Мне, видимо, следовало еще до того, как Вы приступили к работе, предупредить Вас, что, несмотря на внешний налет общительности и живого остроумия, в действительности я довольно скучный и одинокий человек… Число моих друзей, нынешних и бывших, ненормально мало, и те двое или трое из них, что были мне по-настоящему близки, уже умерли. Потрясения моей эпохи постоянно создавали пробелы времени и провалы пространства между мною и немногими дорогими мне людьми…

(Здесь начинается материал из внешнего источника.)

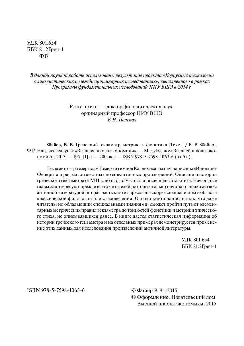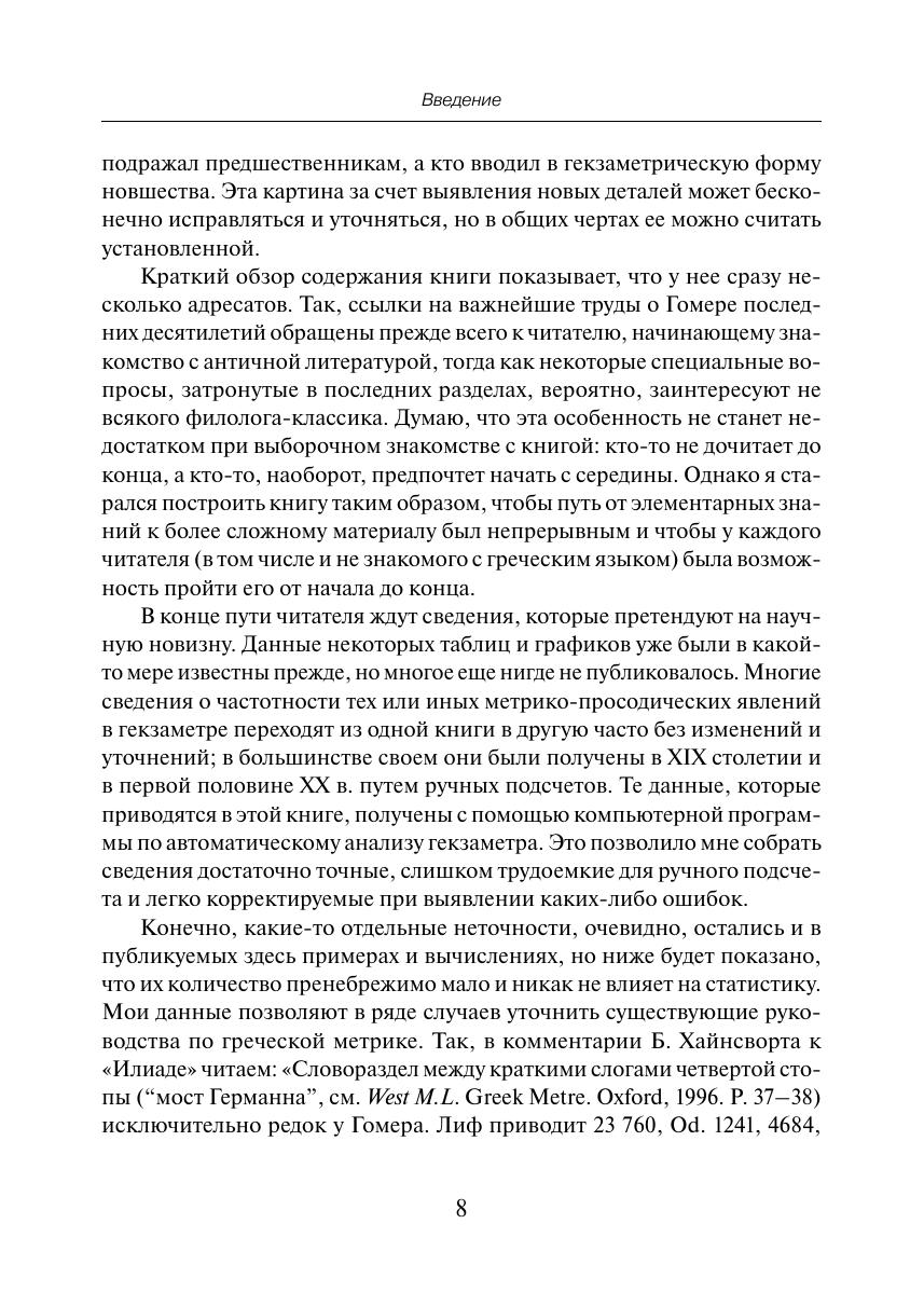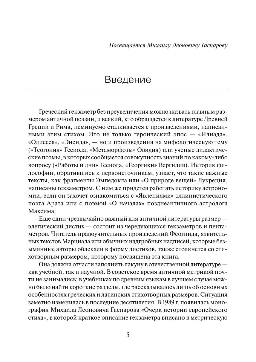 Гекзаметр — размер поэм Гомера и гимнов Каллимаха, на нем написаны «Идиллии» Феокрита и ряд малоизвестных позднеантичных произведений. Описанию истории греческого гекзаметра от VIII в. до н.э. до V в. н.э. и посвящена эта книга. Начальные главы заинтересуют прежде всего читателей, которые только начинают знакомство с античной литературой; вторая часть книги адресована скорее специалистам в об ласти классической филологии или стиховедения. Однако книга написана так, что даже читатель, не обладающий специальными знаниями, сможет пройти путь от элементарных метрических правил гекзаметра до тонкостей фонетики и метрики эпического стиха, не описывавшихся ранее. В книге дается статистическая информация об истории греческого гекзаметра и на отдельных примерах демонстрируется применение этих данных для исследования произведений античной литературы.
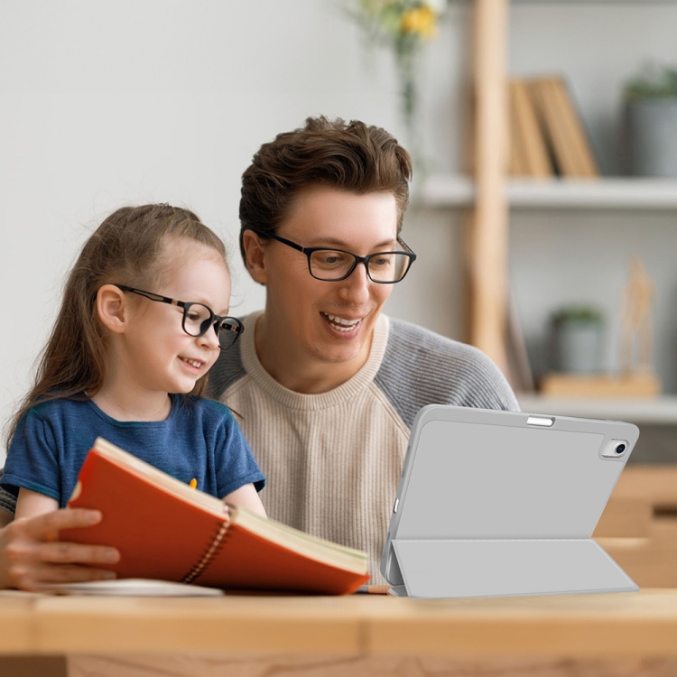 Funda para Tableta iPad Pro 12.9 Cuero Inteligente TPU 3 Pliegues con Ranura para Bolígrafo (Gris)

В этих обстоятельствах биограф В.Н. не так уж много может почерпнуть из разговоров с родственниками, соучениками, литературными знакомыми или учеными коллегами В.Н., и худшее, что он может сделать, — это заняться сбором пошлых сплетен, которые всегда жужжат вокруг престарелого писателя, дозревшего до того, чтобы настала пора приступить к его жизнеописанию… Я не могу представить себе достоверной истории моей жизни, если она будет основана на скудных и иногда попросту нелепых сведениях, собранных у далеких от меня людей ценой громадных усилий, о которых Вы упомянули в Вашем письме от 16 августа…
Подвожу итог: единственный разумный и художественно-обоснованный способ написать историю такого унылого персонажа (единственная по-человечески интересная сторона которого — дар изобретения облаков, озер, башен) — это проследить его развитие как писателя, от первых блеклых стихов до «Прозрачных вещей» (экземпляр которых дойдет до Вас к середине октября). Иногда я подозреваю, что именно это Вы и планируете сделать, несмотря на то что тратите столько драгоценного времени на странноватые попытки установить, не был ли царь или хотя бы великий князь настоящим отцом моего отца.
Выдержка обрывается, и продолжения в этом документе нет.